No exoneration: Polish production of “Nasza Klasa”

On July 10, 1941 in the Polish village of Jedwabne,  hundreds of Jews were herded into a barn, which a Polish mob then burned to the ground. The perpetrators of the massacre were not, as originally thought, the Nazis, but overwhelmingly neighbors.  This atrocity, largely uncovered by Jan Gross’s 2001 book Neighbors, is the subject of a controversial play by Tadeusz Słobodzianek‘s Nasza Klasa (Our Class).

I had not heard of the play, which was performed by the National Theatre in 2009 (you can read about it here and here and here) – not until the presentation by Paul Vickers of the University of Glasgow today at the University College of London’s conference on Polish Literature Since 1989.

I hadn’t heard of novelist Izabela Filipiak, either – though she was educated at Mills College, she is unpublished in English.  The Gdańsk professor’s works were much discussed at the conference, and she was introduced as a prominent public intellectual as well as notable author.  Her remarks on the play brought to light some ambiguous issues about the portrayal of atrocities onstage or in films, especially as time passes and a new generation has lost the connective tissue that attaches them to recent history:

“Paul Vickers argues that Our Class contributes to ‘ongoing Polish efforts to confront the memory of ethnic Poles’ crimes against the Polish Jewish neighbors and classmates during World War II.’ … However, I also agree with a critic from Krytyka Polityczna, Witold Mrożek, who argues that since the contemporary Polish audience cannot identify with Polish characters from Our Class, the play does not facilitate such in-depth efforts.  Our Class is not their class, Mrożek says.  Polish theatergoers are more likely to identify with the children of Jewish merchants who dream about becoming teachers and movie stars, rather than with children of peasants who have no professional ambitions.  To Warsaw theatergoers these Polish characters are as alien as contemporary inhabitants of the so-called “Poland C.”  Anti-semitism thus becomes a peasant issue.  Evidently, it would suffice to educate our peasants, together with our clergy, in order to wipe out the anti-Semitism which sprouts from The Protocols of the Elders of Zion and other publications rooted in pseudo-scientific research … Wider European audiences are similarly put at ease; since Polish intellectual anti-Semitism was part of European intellectual anti-Semitism, we all become exonerated.  We have nothing in common with Polish peasants.”

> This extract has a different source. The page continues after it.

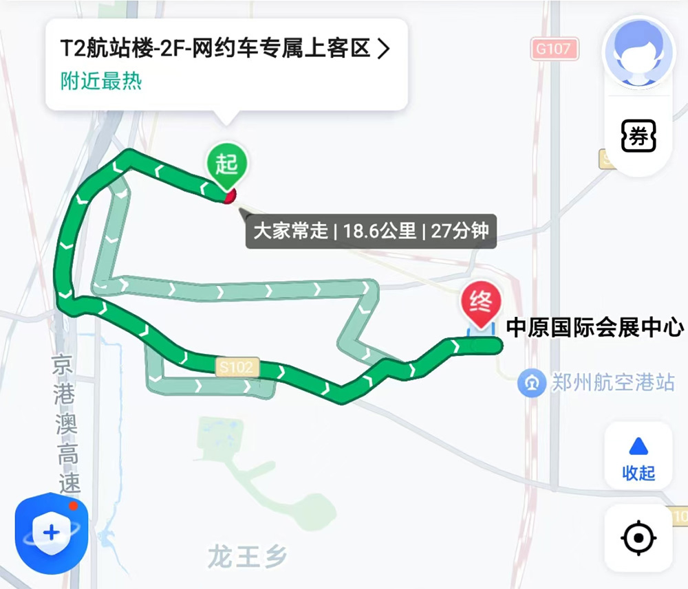 從新鄭機(jī)場出發(fā)→迎賓大道→華夏大道→金陵大道→濱河西路→亳都路→濱河?xùn)|路→會展五路→中原國際會展中心

Polish author with a California degree

I, too, am nervous about atrocities presented as the act of the other, who is not like us at all, rather than uncovering the roots of our individual, as well as collective, violence and cowardice and complicity.

Vickers responded,  “That’s not a problem with the text, it’s a problem with the kind of people who go to the theater.”  Which is also true.

These remarks of Filipiak’s also interested me, given my recent interest in the degree of allowable fabrication in creating drama from real-life people, in this case I was discussing the movie Anonymous):

“I am also wary about the way Słobodzianek presents the Polish-Jewish couple, the woman having converted to Christianity.  The couple’s history, which includes infanticide and infertility, exemplifies the old prejudice against intermarriage.  Transgressing one taboo starts them on a slipper slope and renders them infertile. I also wonder how the actual Polish-Jewish couple from Jebwabne felt about his rendition of their marriage.”

Said critic Charles Spencer: “It’s a remarkable and powerful play – but not one I would willingly sit through again.”

 

Postscript:  Uilleam Blacker of Cambridge offered this quotation today, from Przemysław Czapliński :  “…to be an inhabitant of any space today is to be aware that we exist on the pages of a palimpsest, that we walk in the footsteps of those who lived here before us, we write down our narrative in their narratives, we erase the signs of their existence, we add our own motifs to their motifs.”